* _About this exercise_: Transcribe only the lines in the data below falling between the line with "выбор скорости отжима, выбор" and the line with "I caught a couple", including those two lines, and leave out any picture.

* _Information_:
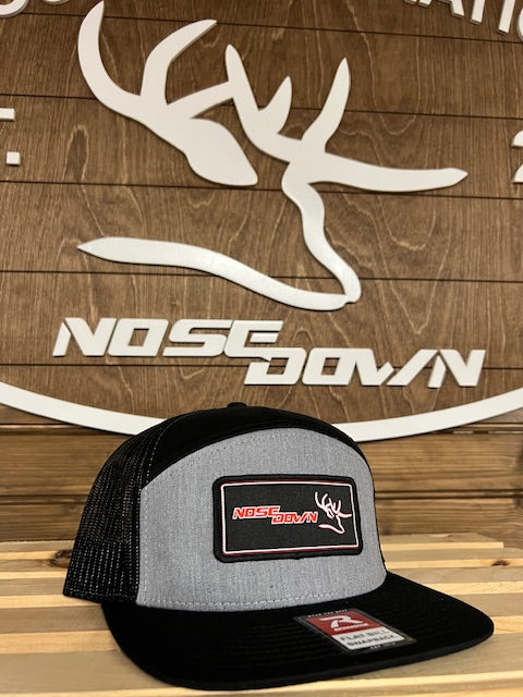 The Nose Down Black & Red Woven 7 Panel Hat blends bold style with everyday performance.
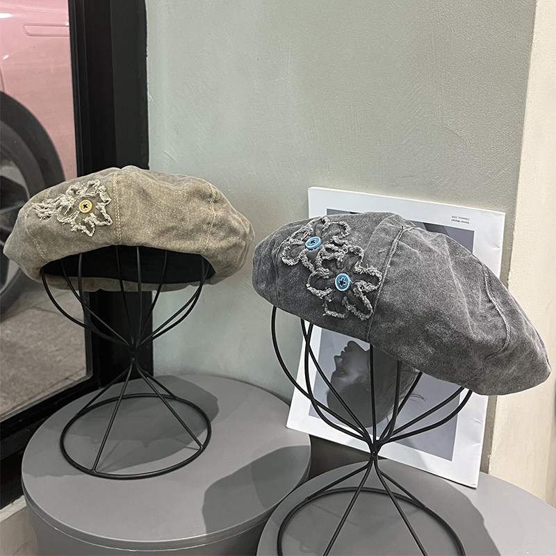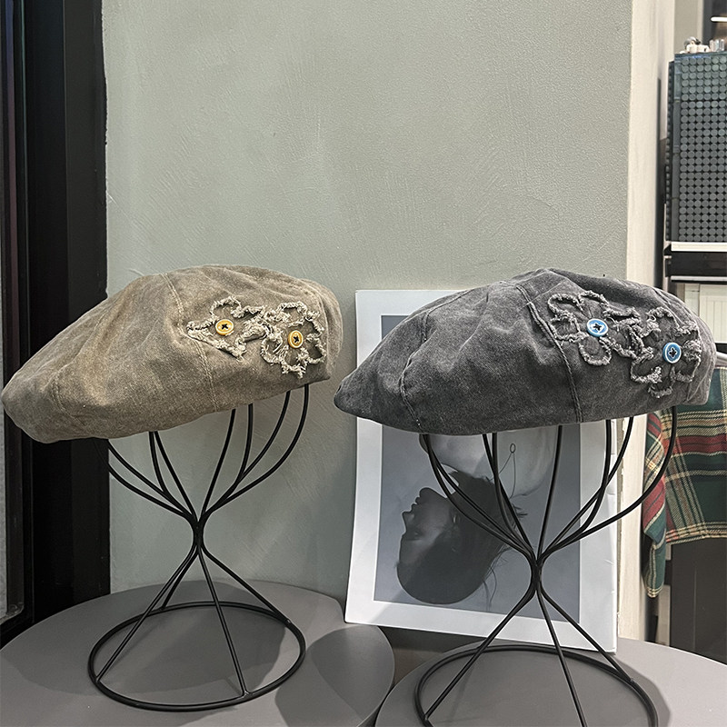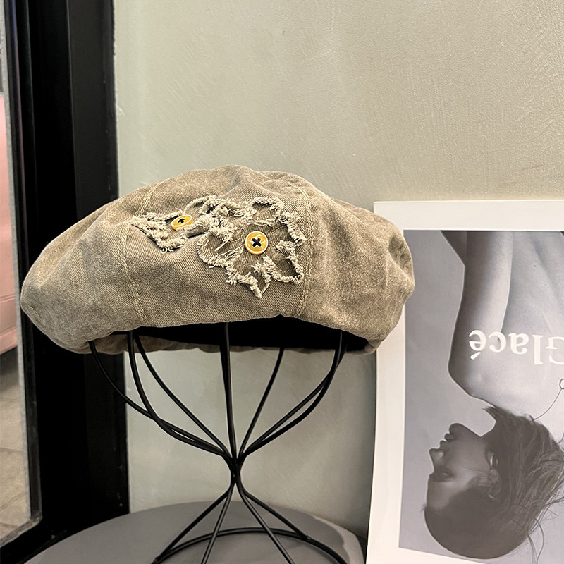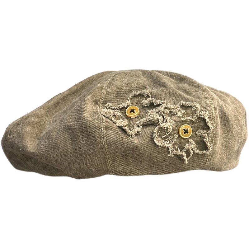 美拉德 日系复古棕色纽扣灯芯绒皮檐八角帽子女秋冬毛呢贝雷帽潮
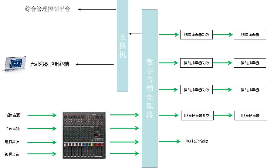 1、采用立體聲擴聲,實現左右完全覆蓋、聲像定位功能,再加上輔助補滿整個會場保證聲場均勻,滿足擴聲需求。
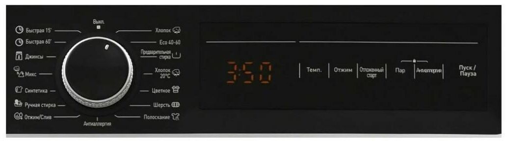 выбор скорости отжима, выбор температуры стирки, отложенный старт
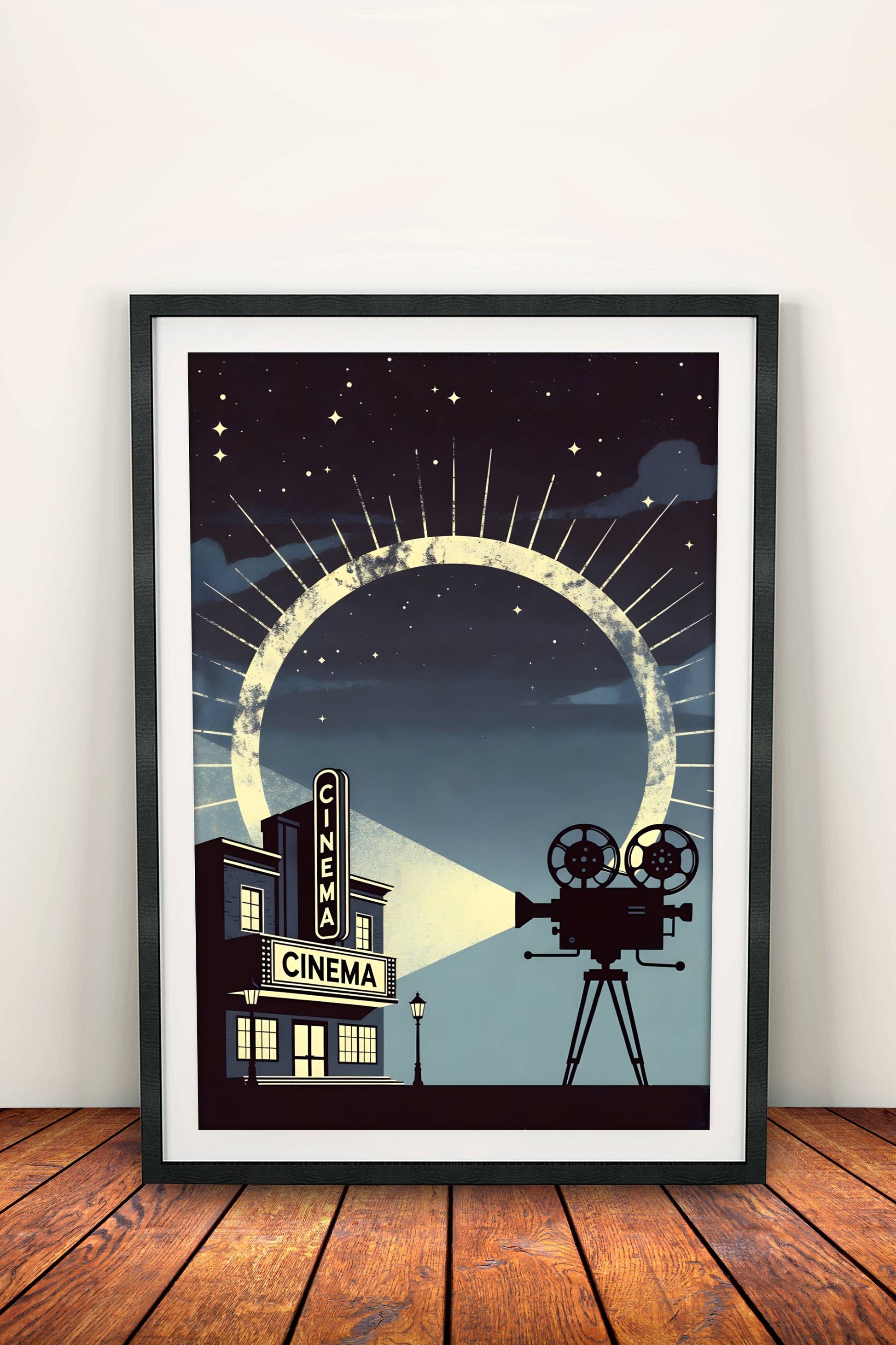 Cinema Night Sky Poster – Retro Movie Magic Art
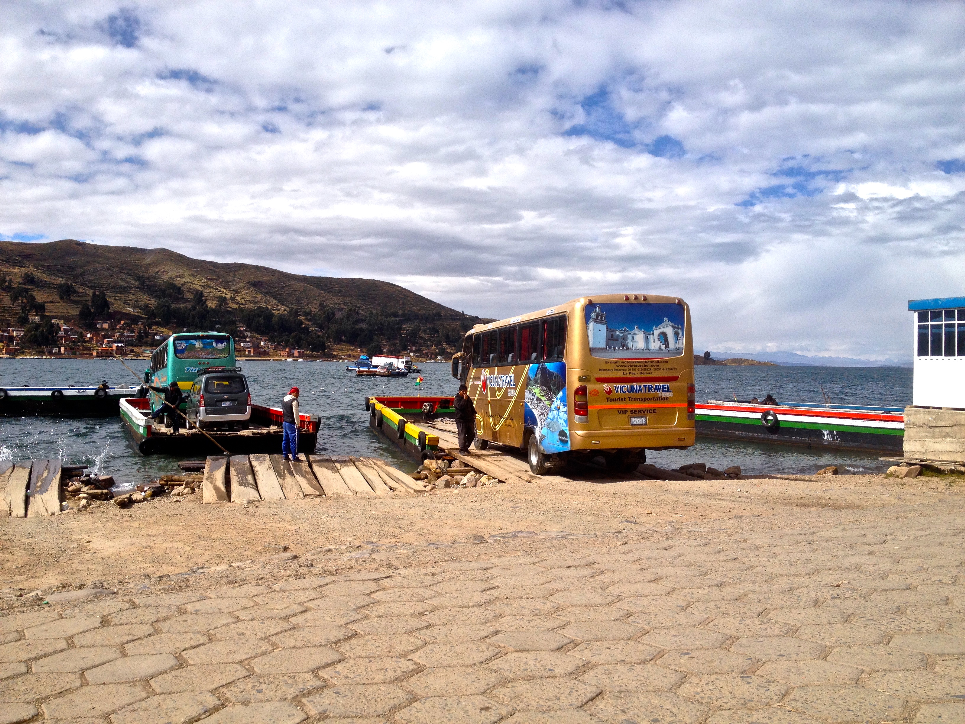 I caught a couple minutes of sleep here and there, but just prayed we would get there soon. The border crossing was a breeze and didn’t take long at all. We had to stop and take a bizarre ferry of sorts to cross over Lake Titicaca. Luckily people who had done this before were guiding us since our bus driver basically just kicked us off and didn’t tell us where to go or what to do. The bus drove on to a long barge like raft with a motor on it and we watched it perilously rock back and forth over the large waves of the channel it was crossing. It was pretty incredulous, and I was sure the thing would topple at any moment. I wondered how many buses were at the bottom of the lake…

* * *

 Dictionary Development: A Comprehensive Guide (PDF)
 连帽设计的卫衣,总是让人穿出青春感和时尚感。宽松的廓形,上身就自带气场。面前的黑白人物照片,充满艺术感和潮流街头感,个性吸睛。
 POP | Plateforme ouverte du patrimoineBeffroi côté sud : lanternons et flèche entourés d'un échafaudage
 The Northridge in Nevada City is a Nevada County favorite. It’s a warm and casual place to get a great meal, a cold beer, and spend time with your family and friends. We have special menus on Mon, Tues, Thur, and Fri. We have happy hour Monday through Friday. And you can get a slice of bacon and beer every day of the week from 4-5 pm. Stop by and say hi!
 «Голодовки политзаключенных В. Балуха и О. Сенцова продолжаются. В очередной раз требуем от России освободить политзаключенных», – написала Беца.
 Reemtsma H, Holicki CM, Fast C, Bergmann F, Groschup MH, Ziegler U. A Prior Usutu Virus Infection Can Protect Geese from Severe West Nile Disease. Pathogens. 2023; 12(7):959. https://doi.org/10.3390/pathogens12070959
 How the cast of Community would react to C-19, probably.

* _Task result_:
 выбор скорости отжима, выбор температуры стирки, отложенный старт
 Cinema Night Sky Poster – Retro Movie Magic Art
 I caught a couple minutes of sleep here and there, but just prayed we would get there soon. The border crossing was a breeze and didn’t take long at all. We had to stop and take a bizarre ferry of sorts to cross over Lake Titicaca. Luckily people who had done this before were guiding us since our bus driver basically just kicked us off and didn’t tell us where to go or what to do. The bus drove on to a long barge like raft with a motor on it and we watched it perilously rock back and forth over the large waves of the channel it was crossing. It was pretty incredulous, and I was sure the thing would topple at any moment. I wondered how many buses were at the bottom of the lake…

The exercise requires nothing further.